Assignment -
Your task is to reproduce, verbatim and without pictures, the lines from the opening of the listing through the line containing "1.通過(guò)2-氨基-3,5-二溴".

Exercise data -
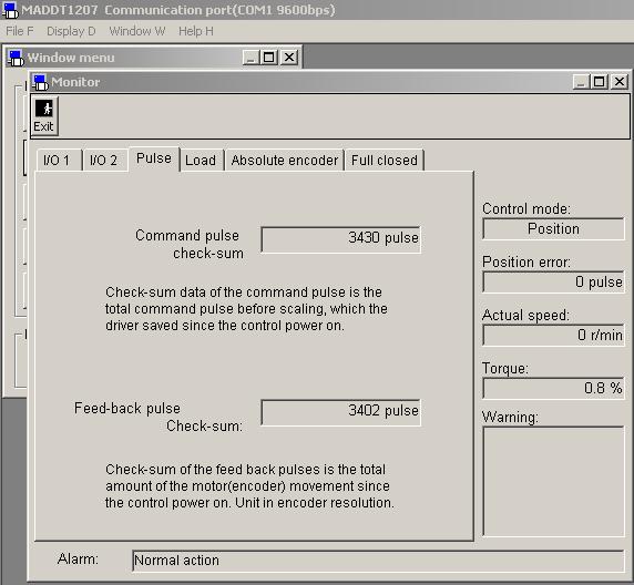 驅動器裝上后就把模式改為位置控制,進行了自動增益調整,其他的參數都是用的出廠時的默認值
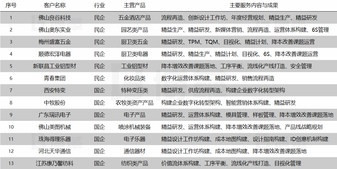 主要咨詢服務項目成就
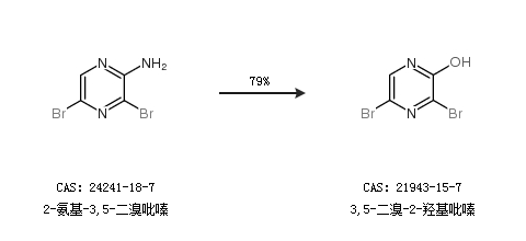 1.通過(guò)2-氨基-3,5-二溴吡嗪合成3,5-二溴-2-羥基吡嗪,收率約79%;
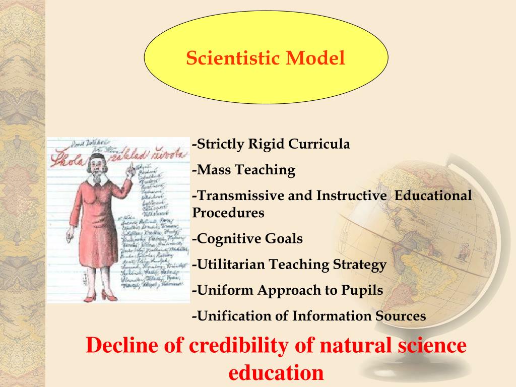 Scientistic Model -Strictly Rigid Curricula -Mass Teaching -Transmissive and Instructive Educational Procedures -Cognitive Goals -Utilitarian Teaching Strategy -Uniform Approach to Pupils -Unification of Information Sources Decline of credibility of natural science education

Your solution -
 驅動器裝上后就把模式改為位置控制,進行了自動增益調整,其他的參數都是用的出廠時的默認值
 主要咨詢服務項目成就
 1.通過(guò)2-氨基-3,5-二溴吡嗪合成3,5-二溴-2-羥基吡嗪,收率約79%;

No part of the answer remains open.